The above operating procedure is shown in FIG.

That is, when you check one on the checkmark, a step is entered to capture the next hour hand image while moving to the assembly position, but this time is extremely short (0.03 seconds) as mentioned above, so it can be ignored. can.

FIG. 3 shows a schematic block diagram of the present apparatus, in which the robot 1, chuck 2, camera 3, and image processing device 12 correspond to those in FIG. 1, respectively. The image processing device 12 includes a camera interface 12
0, image memory 121, robot interface 122, image processing program 124 and
It is composed of a CPU 123. When the image processing program 124 first detects that there is no image in the image memory 121, it gives a no-image signal to the robot 1 via the CPU 123 and the robot interface program 122. Then, the robot 1 outputs an image capture command to the image processing device. This is the start of the flowchart in Figure 2. The robot 1 is driven by a signal from the robot interface program 124, and the camera 3 obtains an image signal of the hour hand and inputs it to the image memory 121 via the camera interface 120. If an image of the hour hand cannot be obtained at this time,
That is, when the tray 9 becomes empty, there is a step of transporting the next tray, although this is omitted in the flowchart.

The data in the image memory 121 is stored in the CPU 123.
It is analyzed by the image processing program 124 under the control of the image processing program 124 and converted into chuck coordinate position data.
This coordinate position data is stored in the robot interface program 122. Next, robot 1
A signal according to the position data is output from the robot interface program 122 in response to a command from the robot 1, and the robot 1 checks the target hour hand.
Since the positions of the camera 3 and the chuck 2 do not match, it goes without saying that the position of the robot 1 is different when capturing an image and when chucking.

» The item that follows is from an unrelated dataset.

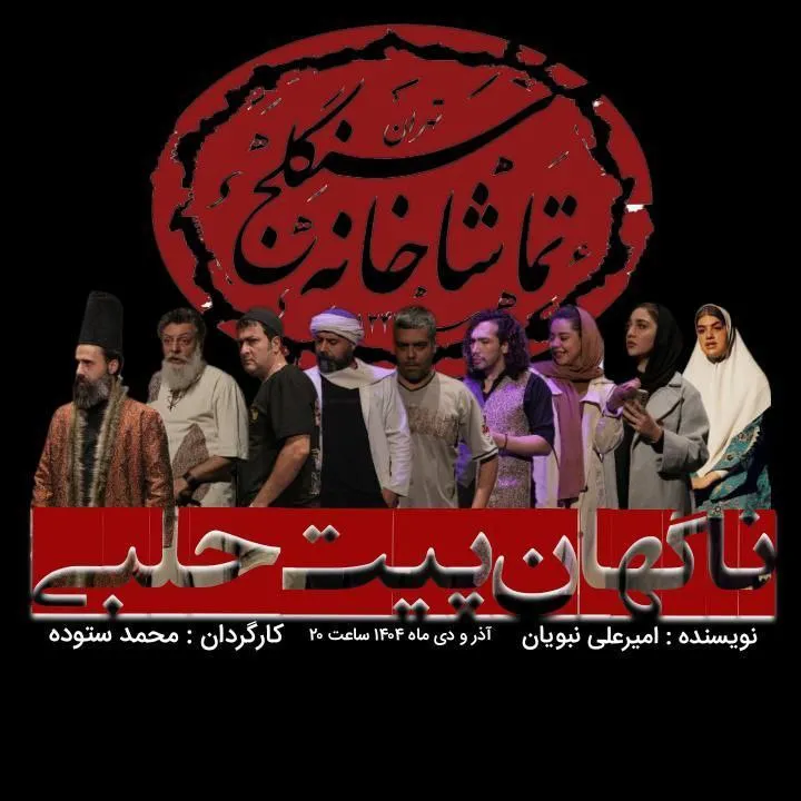 عوامل نمایش «ناگهان پیت حلبی»: نویسنده: امیرعلی نبویان، کارگردان: محمد ستوده و بازیگران شاهین علایینژاد، جمشید صفری، محمد ستوده، محمد منصوری، رضا نورزاده، امید علیزاده، هدیه فدایی، مائده عباسی، یگانه راستی، عوامل اجرایی: دستیار کارگردان: آزالیا پرستش، طراح صحنه: امیر خراسانی، طراح لباس: آزالیا پرستش، دستیار صحنه و طراح لباس: مریم نقدی، سرپرست گروه موسیقی، نوازنده تار و خواننده: شایان دهقانی، نوازنده تنبک و دف: ویهان فاضلی، طراح نور و صدا: میثم کهالی، عکاس: زهرا اصغری، ساخت تیزر و تیوال: رضا گودرزی.

In addition to the embodiments applied to the assembly of the hour hand of a watch described above, there are also embodiments to which the present invention is applied to the assembly of the dial, minute hand, second hand, etc. of a watch.
side, back cover, and watch coil block,
And so on.

〔Effect of the invention〕

As explained above, this invention divides the command from the robot into two parts, and while the robot is assembling the parts, the image processing device can calculate the positional coordinates of the part to be grabbed next. In this way, the production efficiency of parts assembly is effectively improved.

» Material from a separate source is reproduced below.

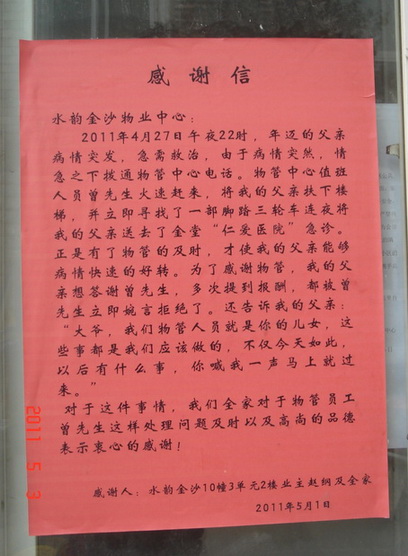 據了解,由金堂縣委、金堂縣人民政府主辦,金堂縣城鄉房管局承辦的“2011成都金堂城市榮譽(yù)盛典”于4月22日晚在縣政府廣場(chǎng)隆重舉行。成都市科恒置業(yè)顧問(wèn)有限公司等七家物業(yè)服務(wù)企業(yè)發(fā)楊“特別能吃苦、特別能戰斗、特別能奉獻”的精神,義務(wù)為盛典活動(dòng)提供保安人員無(wú)償進(jìn)行安保工作,確保了盛典活動(dòng)的安全、順利進(jìn)行。為樹(shù)立典范,表彰先進(jìn),經(jīng)縣房管局研究決定對7家物業(yè)服務(wù)企業(yè)表彰??h房管局希望受表彰的企業(yè)戒驕戒躁,發(fā)揚成績(jì),再接再厲,開(kāi)拓進(jìn)取,進(jìn)一步做好物業(yè)服務(wù)管理與服務(wù)工作,為構建和諧物管、宜居金堂和建設丘陵地區城鄉統籌示范縣城做出新的貢獻。

[Brief explanation of drawings]

FIG. 1 is a configuration diagram showing an embodiment of the present invention applied to the assembly of the hour hand of a watch;
The figure is a flowchart showing an embodiment of the present invention, and FIG. 3 is a block diagram of an image processing apparatus. 1...Robot, 2...Hour hand chuck, 3...
...camera for image processing device, 4...conveyance line, 5
...Clock that has been assembled up to the dial, 6... Palette, 7... Clock assembly position, 8, 8a and 8b
... Hour hand, 9 ... Tray, 10 ... Tray automatic supply device, 11 ... Tray fixing position, 12 ... Image processing device (Me).

Claims (1)

[Scope of Claims] 1. In a parts assembly robot having an image processing function, (a) a procedure for grasping a part in response to position coordinates notified from the image processing function; and (b) a part to be grasped next. (c) assembling the grabbed parts and calculating the positional coordinates of the next part to be grabbed; (d) applying the calculated positional coordinates to the image processing function; Based on the above, the robot pre-reading method is characterized by comprising the step of immediately grabbing the next part to be grabbed after the assembly of the parts is completed.